*SUPPLIED RECORDS*
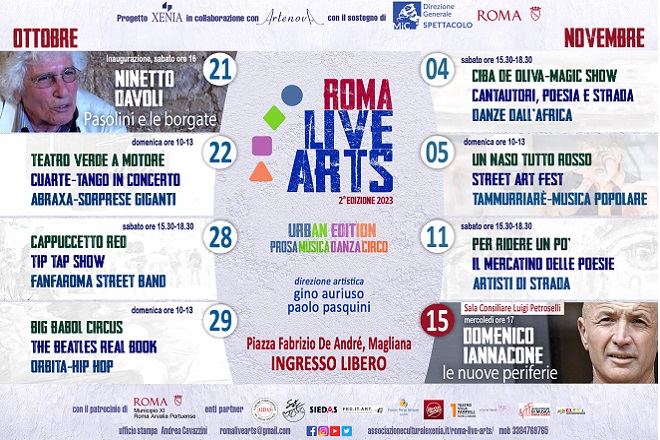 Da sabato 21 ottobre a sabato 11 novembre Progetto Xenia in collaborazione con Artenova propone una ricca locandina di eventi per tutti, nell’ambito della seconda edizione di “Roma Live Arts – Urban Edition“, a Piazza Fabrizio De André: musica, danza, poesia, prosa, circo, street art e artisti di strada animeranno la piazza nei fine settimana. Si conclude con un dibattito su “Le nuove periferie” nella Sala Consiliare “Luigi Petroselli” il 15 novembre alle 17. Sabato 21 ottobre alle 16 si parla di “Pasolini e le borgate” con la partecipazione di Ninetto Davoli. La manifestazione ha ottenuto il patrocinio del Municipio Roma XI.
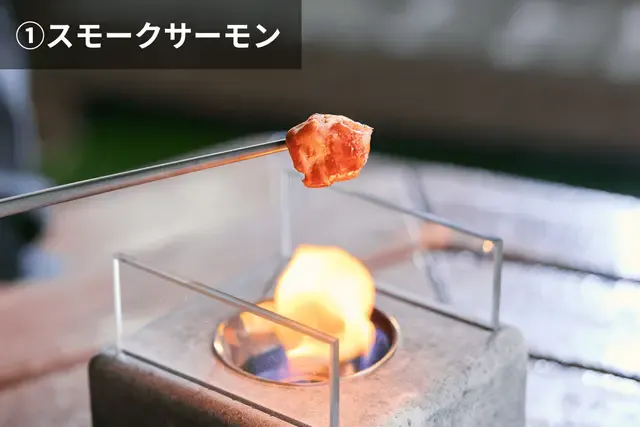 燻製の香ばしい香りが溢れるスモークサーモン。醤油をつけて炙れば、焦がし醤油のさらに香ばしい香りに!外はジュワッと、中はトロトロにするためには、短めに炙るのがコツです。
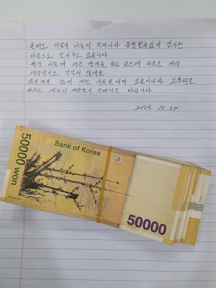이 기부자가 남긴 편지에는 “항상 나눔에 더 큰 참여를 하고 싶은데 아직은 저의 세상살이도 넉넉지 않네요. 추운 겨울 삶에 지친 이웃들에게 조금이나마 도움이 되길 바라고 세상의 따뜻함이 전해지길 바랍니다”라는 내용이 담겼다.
==
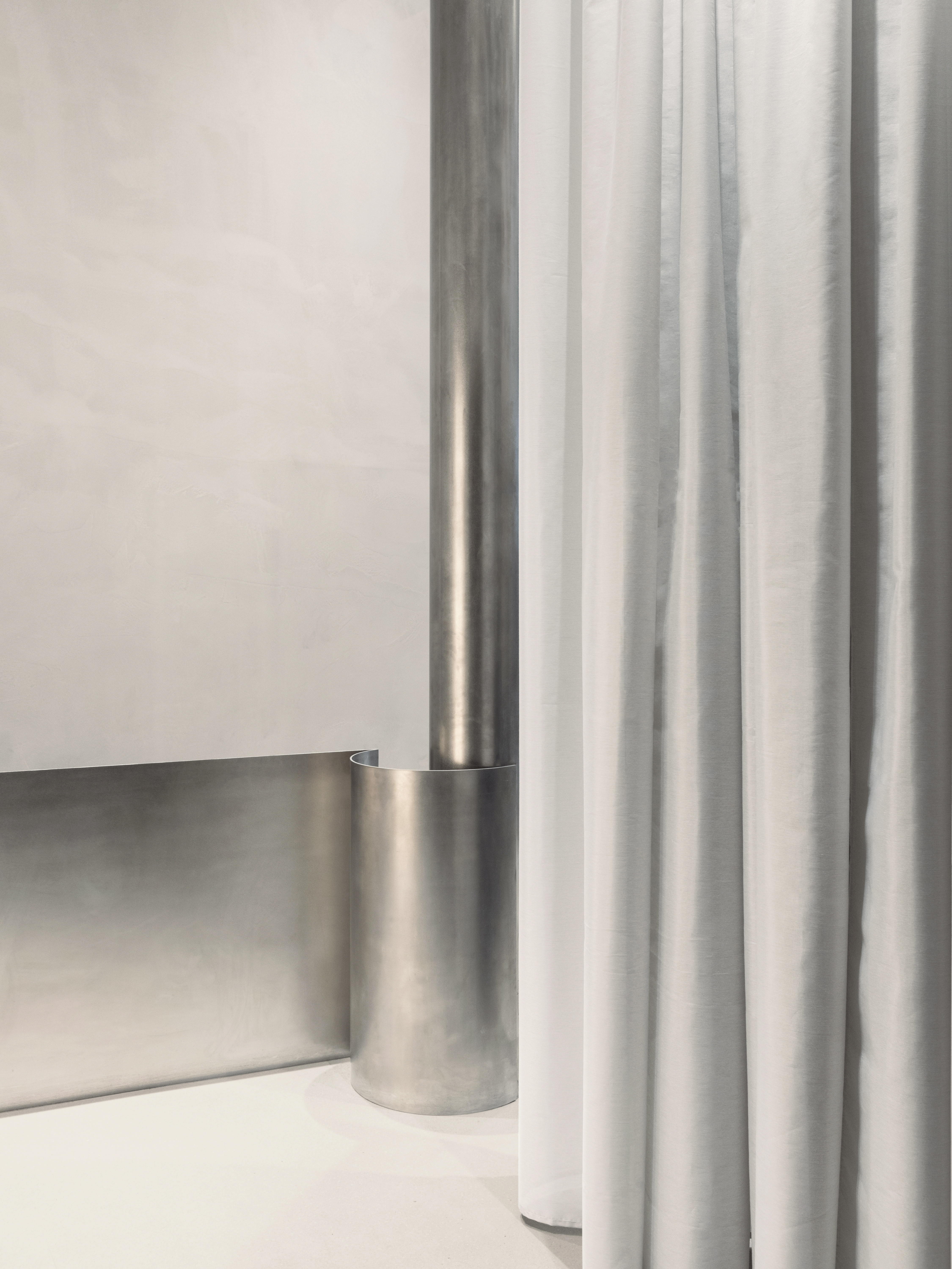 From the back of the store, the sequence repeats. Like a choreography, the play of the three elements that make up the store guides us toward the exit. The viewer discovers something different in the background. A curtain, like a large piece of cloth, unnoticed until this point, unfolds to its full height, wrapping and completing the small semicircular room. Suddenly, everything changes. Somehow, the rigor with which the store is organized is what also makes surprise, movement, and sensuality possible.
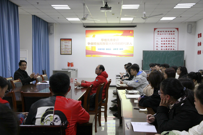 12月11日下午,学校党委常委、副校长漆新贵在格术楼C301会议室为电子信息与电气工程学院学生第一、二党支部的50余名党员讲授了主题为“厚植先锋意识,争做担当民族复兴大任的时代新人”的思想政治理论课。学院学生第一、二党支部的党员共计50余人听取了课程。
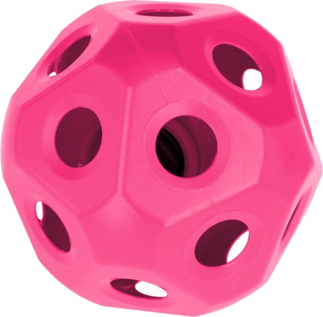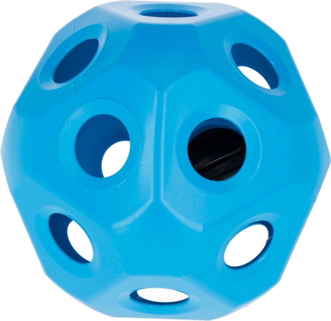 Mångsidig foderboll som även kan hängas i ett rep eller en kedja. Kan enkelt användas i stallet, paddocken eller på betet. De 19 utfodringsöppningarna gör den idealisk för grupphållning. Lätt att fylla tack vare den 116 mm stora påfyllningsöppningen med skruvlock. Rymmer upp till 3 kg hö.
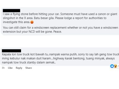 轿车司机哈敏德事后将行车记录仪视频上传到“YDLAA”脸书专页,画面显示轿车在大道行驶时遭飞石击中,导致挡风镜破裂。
==
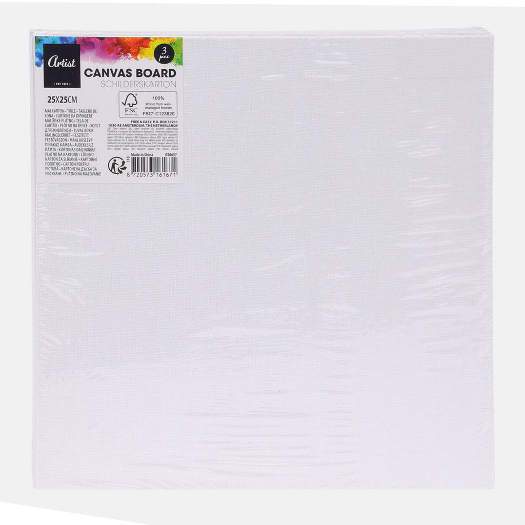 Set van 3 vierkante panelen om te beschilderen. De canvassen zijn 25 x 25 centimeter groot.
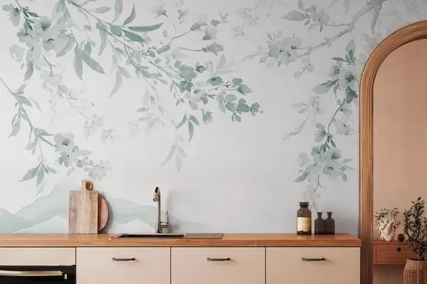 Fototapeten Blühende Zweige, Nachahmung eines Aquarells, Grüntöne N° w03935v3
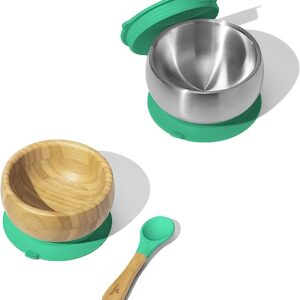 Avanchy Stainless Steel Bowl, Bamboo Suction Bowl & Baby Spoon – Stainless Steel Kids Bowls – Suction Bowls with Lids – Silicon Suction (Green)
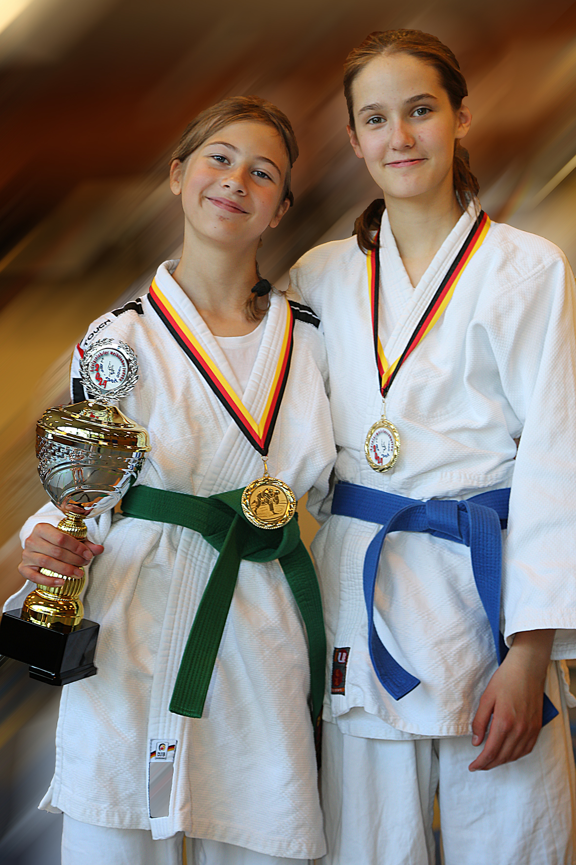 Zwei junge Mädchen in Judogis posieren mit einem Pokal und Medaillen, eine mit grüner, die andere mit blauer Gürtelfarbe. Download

*EXERCISE INSTRUCTIONS*
All lines above starting at the one with "Da sabato 21" and ending at the one with "이 기부자가 남긴 편지에는", inclusive, are to be printed again exactly, with the pictures left out.

*WRITTEN RESPONSE*
 Da sabato 21 ottobre a sabato 11 novembre Progetto Xenia in collaborazione con Artenova propone una ricca locandina di eventi per tutti, nell’ambito della seconda edizione di “Roma Live Arts – Urban Edition“, a Piazza Fabrizio De André: musica, danza, poesia, prosa, circo, street art e artisti di strada animeranno la piazza nei fine settimana. Si conclude con un dibattito su “Le nuove periferie” nella Sala Consiliare “Luigi Petroselli” il 15 novembre alle 17. Sabato 21 ottobre alle 16 si parla di “Pasolini e le borgate” con la partecipazione di Ninetto Davoli. La manifestazione ha ottenuto il patrocinio del Municipio Roma XI.
 燻製の香ばしい香りが溢れるスモークサーモン。醤油をつけて炙れば、焦がし醤油のさらに香ばしい香りに!外はジュワッと、中はトロトロにするためには、短めに炙るのがコツです。
이 기부자가 남긴 편지에는 “항상 나눔에 더 큰 참여를 하고 싶은데 아직은 저의 세상살이도 넉넉지 않네요. 추운 겨울 삶에 지친 이웃들에게 조금이나마 도움이 되길 바라고 세상의 따뜻함이 전해지길 바랍니다”라는 내용이 담겼다.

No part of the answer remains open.